The girl and the vampire stood on the sand, and the sea at their feet thought, perhaps, they had stood there before. But it was a timeless sea, a great, timeless sea, and it had seen an eternity of befores, and if theirs had been one of them it was more than it could remember.
"Buffy." It still felt strange, to sound her name and own it in the same breath.
"Mmm?"
"Close your eyes."
She did, and she felt the sudden hard, wet surface of the rocks beneath her bare feet as he pulled her, gently, towards him.
"Now look."
She looked, and she saw her own face, glimmering up at her in a pool of moonlight.
"What do you see?"
She remembered that day, five weeks before, when she had looked into the mirror and seen his reflection for the first time. And she was grateful for the memory, but this was now, and it didn't matter any more.
"I always see you, Spike." Her reflection smiled back at her as she looked down into the water. "God, if I was blind I would still see you."
"I love that reflection." He reached up and ran his hand through her hair, and she watched her hair lift and fall in the rockpool mirror below her. "I love your reflection."
"Our reflection." She smiled up at him, softly. "What you can see, there, it's yours too."
And the moon turned its head to look in the opposite direction, just for a moment.

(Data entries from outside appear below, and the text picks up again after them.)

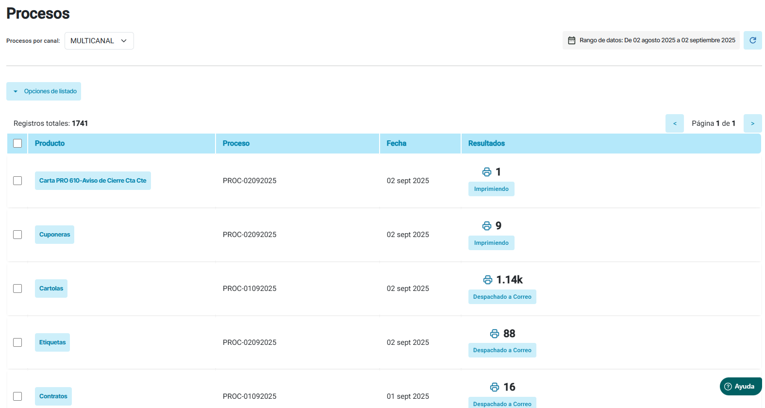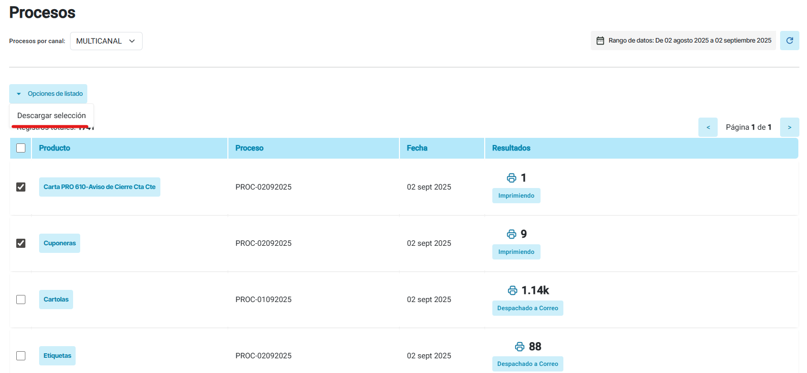 Resultados: estado y cantidad del proceso (ejemplo: Imprimiendo, Despachado a Correo).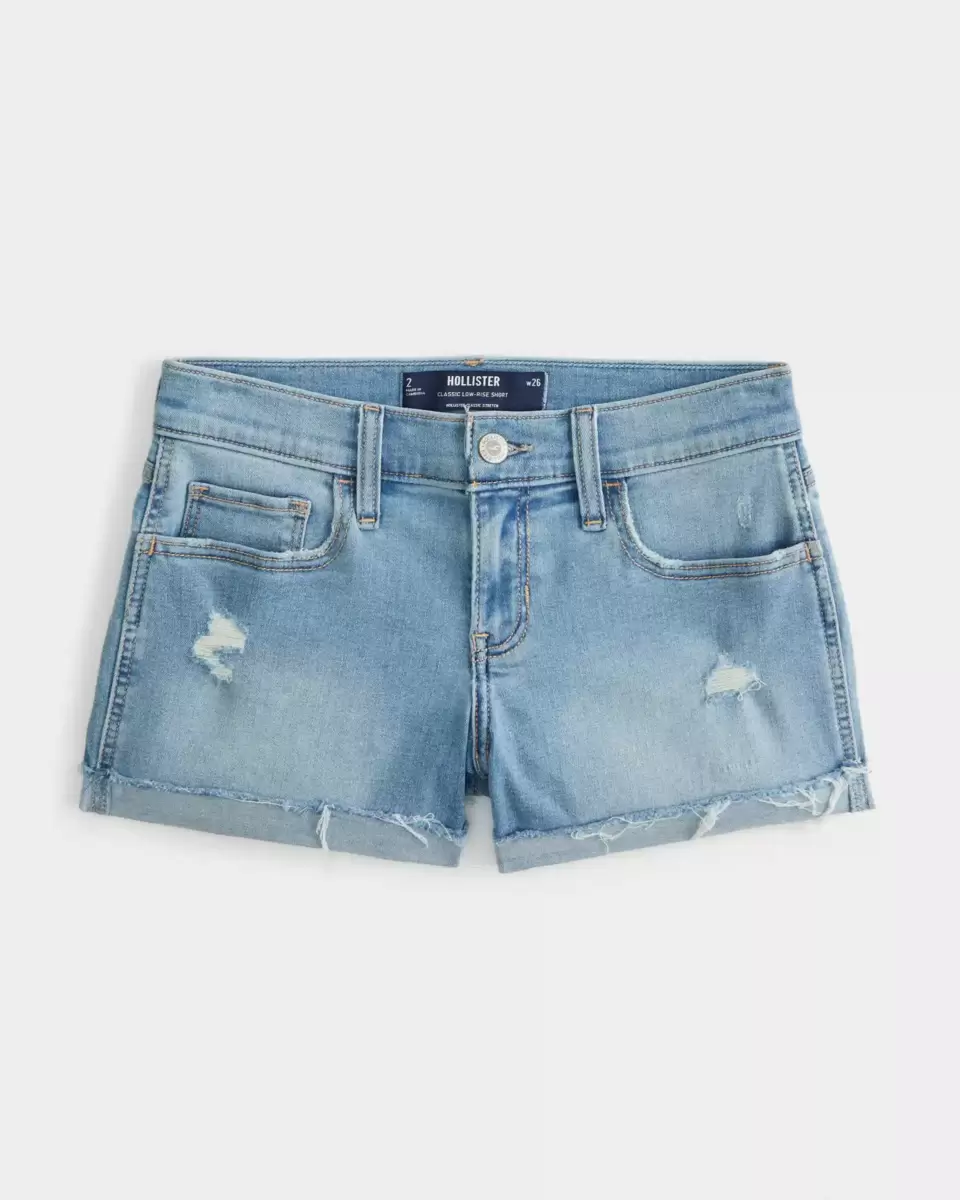 Cute denim shorts in a light wash with distressed detailing, fading and cuffed hems. Low-rise waist. Imported.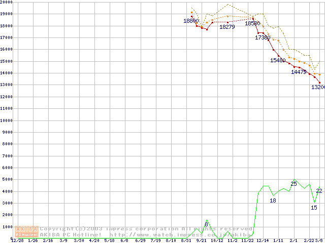 DiamondMax 16 (5400rpm,UltraATA/133,2MB,80GB/Platter,FDB)の最安値推移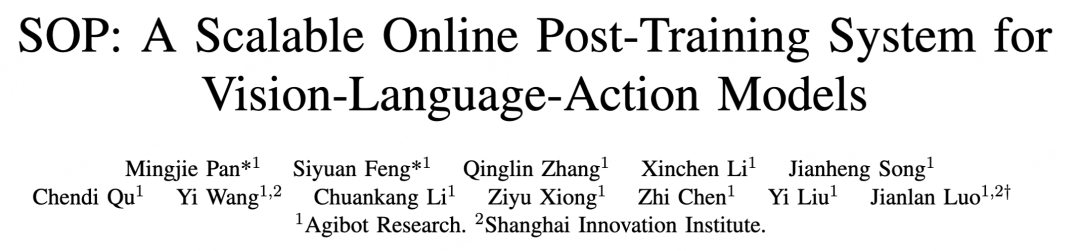 为了实现这一跨越,智元具身研究中心提出了 SOP(Scalable Online Post-training)框架。

She looked up at him, her eyes deep and green and glowing. "Six weeks. Six, beautiful weeks we've had here. Would you do it all again, if you could?"
"Would you?"
"If I could make this moment last forever I might." She reached up and traced the line of his face with her finger. "But I'm glad we're going home."
He smirked back at her. "Yeah, night flight to Sunnydale which, unfortunately, I now remember."
"You know you love it."
"Of course I love it."
And the sea, the great, timeless sea, judged from her reaction that she liked that "of course", more than she could find words to say.
As they turned to go Buffy stopped for a moment, her eyes laughing up at him, because as she thought back across the weeks they had spent in England she could not help but recognise one, inescapable truth. "OK, I don't believe in coincidence so explain this to me. We meet by chance in London, you stay with Giles' friend, you come across Dawn up here, we meet again, here, and we even stay in the same guesthouse. Do you think somebody was trying to tell us something?"
He bit his lip as he thought for a moment. And when he spoke again he was only half teasing. "You think you choose your destiny, Slayer?" He smiled as he shook his head. "It is spelt out in the stars."